En un principio, a
alguien —sobre todo a quien bien por ignorancia/desinterés voluntarios o bien
por el desconocimiento motivado por la carestía en las condiciones vitales materiales—
podría parecerle exagerada la minucia propuesta por el manual de las normas APA
(American Psychological Association) con respecto a los actos de planeación, de
ejecución y de publicación de la escritura, en sus formas cualesquiera.
Consideremos: ¡casi trescientas páginas, ocho capítulos divididos en muchos
subcapítulos, intentan resolver el eterno debate de cómo redactar bien! A
propósito de esto, surge la necesidad de asimilar que, quizás, un conjunto de
reglas tan complejizado suponga la preexistencia de un idioma (en nuestro caso,
el castellano) y de un proceso (la escritura) correspondientemente complejos.
Como plantea Ehri (como se citó en Cantos, Defior, Jiménez y Serrano, 2006):
la escritura es un proceso más complejo que la
lectura, algo explicable por el hecho de que la primera consiste en un proceso productivo
del lenguaje, a diferencia de la lectura que es un proceso reproductivo. La
escritura de palabras no ofrece claves contextuales y requiere un mayor
esfuerzo cognitivo en la conversión de fonemas a grafemas, es decir, los
recursos de memoria necesarios son mayores en el caso de la escritura que en la
lectura. (p. 344)
De ahí que sea
difícil la escritura, como es difícil la vida misma; eso es algo
incontrovertible. Y quien escribe lo hace para otros lectores vivos. Surge,
entonces, una pregunta caprichosa: ¿de tener la existencia un manual de
instrucciones, sería menor, igual o mayormente abstruso que el conjunto de normas
de la APA? No planteamos de manera gratuita esta relación que vincula a la complejidad,
a la vida y a la escritura: son elementos indisociables. Así, aquello que
quisiéramos proponer en este breve escrito es que, a diferencia de lo que todos
creen, el Manual de publicaciones… (valga decir, en su tercera edición
traducida de la sexta en inglés) no es un simple librillo de reglas arbitrarias
o el producto totalizante de unos psicólogos americanos desocupados.

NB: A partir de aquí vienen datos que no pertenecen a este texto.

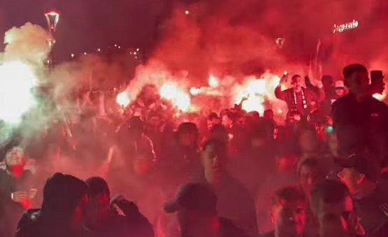 Οι φίλοι της Καλαμάτας αποθέωσαν παίκτες, τεχνικό επιτελείο και διοίκηση, δημιουργώντας μια εκρηκτική ατμόσφαιρα. Καπνογόνα φώτισαν τον ουρανό και η νύχτα έγινε μέρα, με συνθήματα, τραγούδια και ασταμάτητους πανηγυρισμούς να δίνουν τον τόνο σε μια βραδιά που θα μείνει αξέχαστη στην ιστορία της ομάδας και της πόλης.
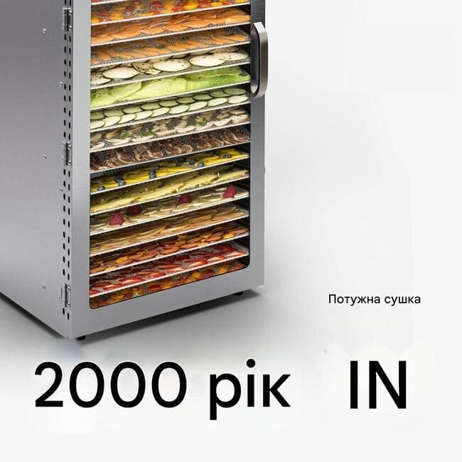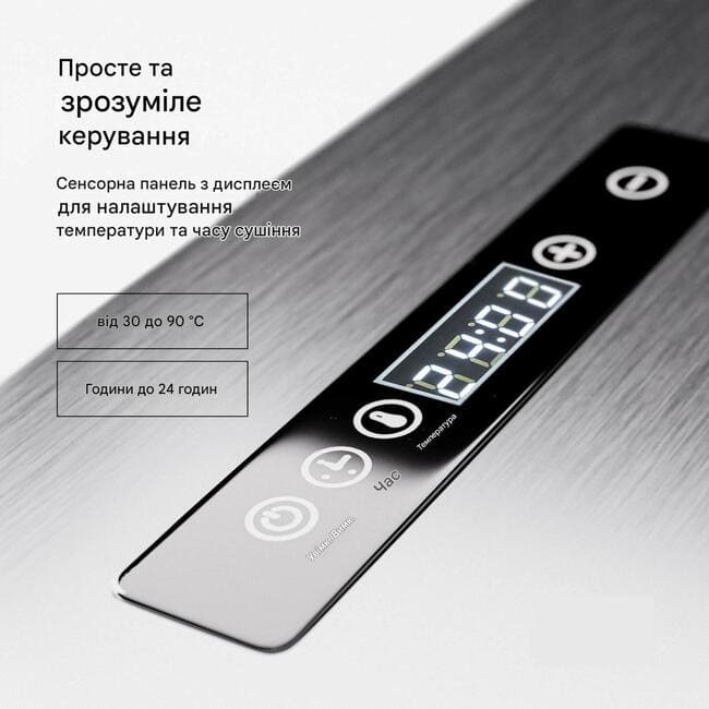 Автоматизована робота дегідратора оптимізує процес сушіння, мінімізуючи необхідність ручного втручання та заощаджуючи ваш час. Зручний інтерфейс полегшує керування, а міцна конструкція гарантує тривалий термін служби та надійність.
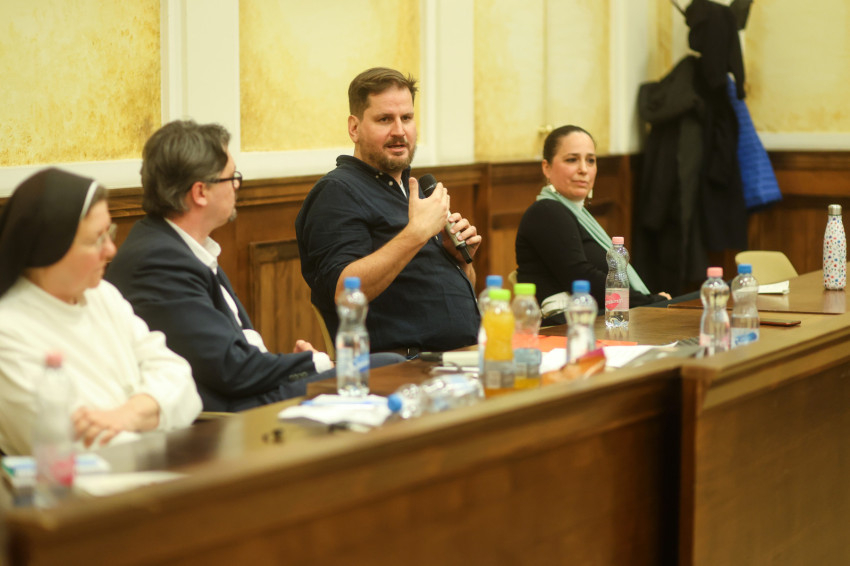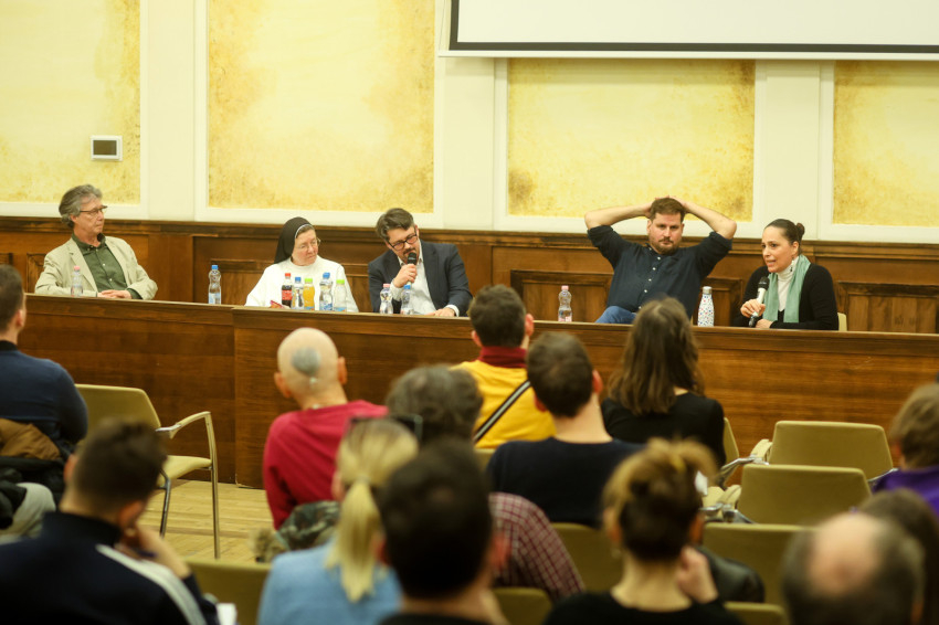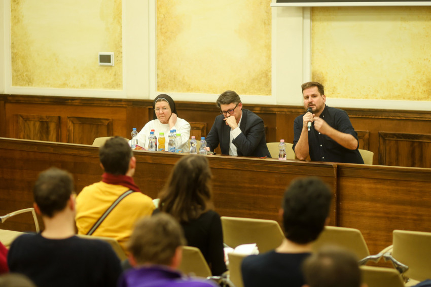 Baritz Sarolta Laura OP a beszélgetés során azt hangsúlyozta, hogy a közjó modellben az ember és annak szabadsága, felelőssége áll a középpontban. Az ember belső motivációja által képes legyőzni a struktúrát.
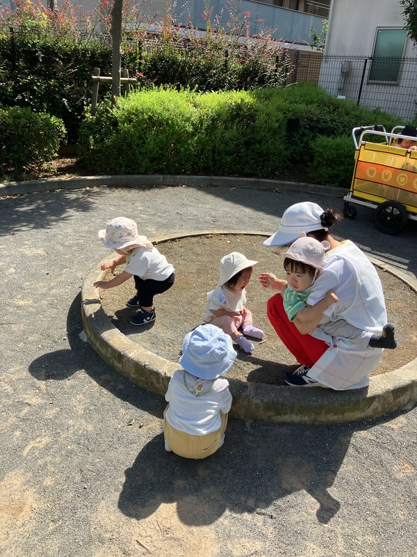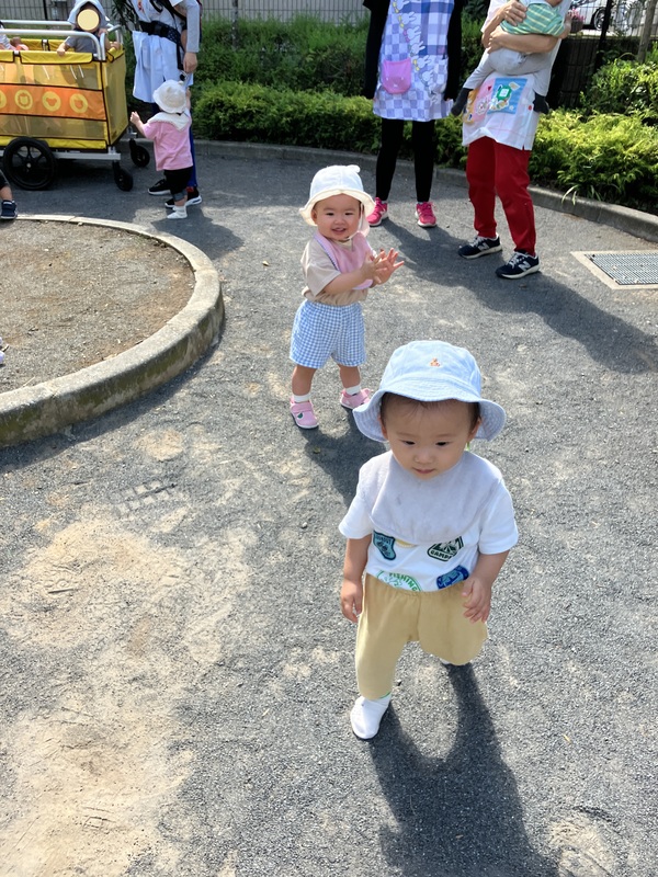 24日(水)0歳児はな組は、ゆめ組さんと近くを散歩しました。

Aún más,
este compendio de normas ni siquiera sería, para nosotros, una simple guía para
la correcta y estandarizada escritura de textos académicos e investigativos;
tras esta “fachada” (impresa incluso en su portada), ubicamos un significado
latente, un secreto valor de uso o función mayor.
Esto dicho, las normas APA son, sin
error a equivocarnos, una guía de etiqueta para la vida misma, un entramado de
convenciones y de disposiciones que intentan reglar, si no oficializar, ciertos
parámetros para un deber escribir que carga implícitos un deber ser y
un deber comportarse. En otros términos, estas reglas americanas de la
escritura poseerían una dimensión ética y moral de la vida que trasciende a los
simples consejos o tips para aprender a amaestrar la redacción
científica en español. Es sencillo verificar este apartado desde la teoría,
pues ningún decálogo o prescripción —desde las constituciones nacionales hasta
aquellos que conciernen al lenguaje, como las susodichas normas o los tratados
de escritura o las famosas poéticas (p. ej. el Ars poética de Horacio o la
Poética de Aristóteles)— carece de un lugar de enunciación, es decir, “el
lugar desde el cual se habla”, aquellas “coordenadas de la geopolítica que
estructuran la relación entre las diversas comunidades” (Fraga, 2015, p. 179).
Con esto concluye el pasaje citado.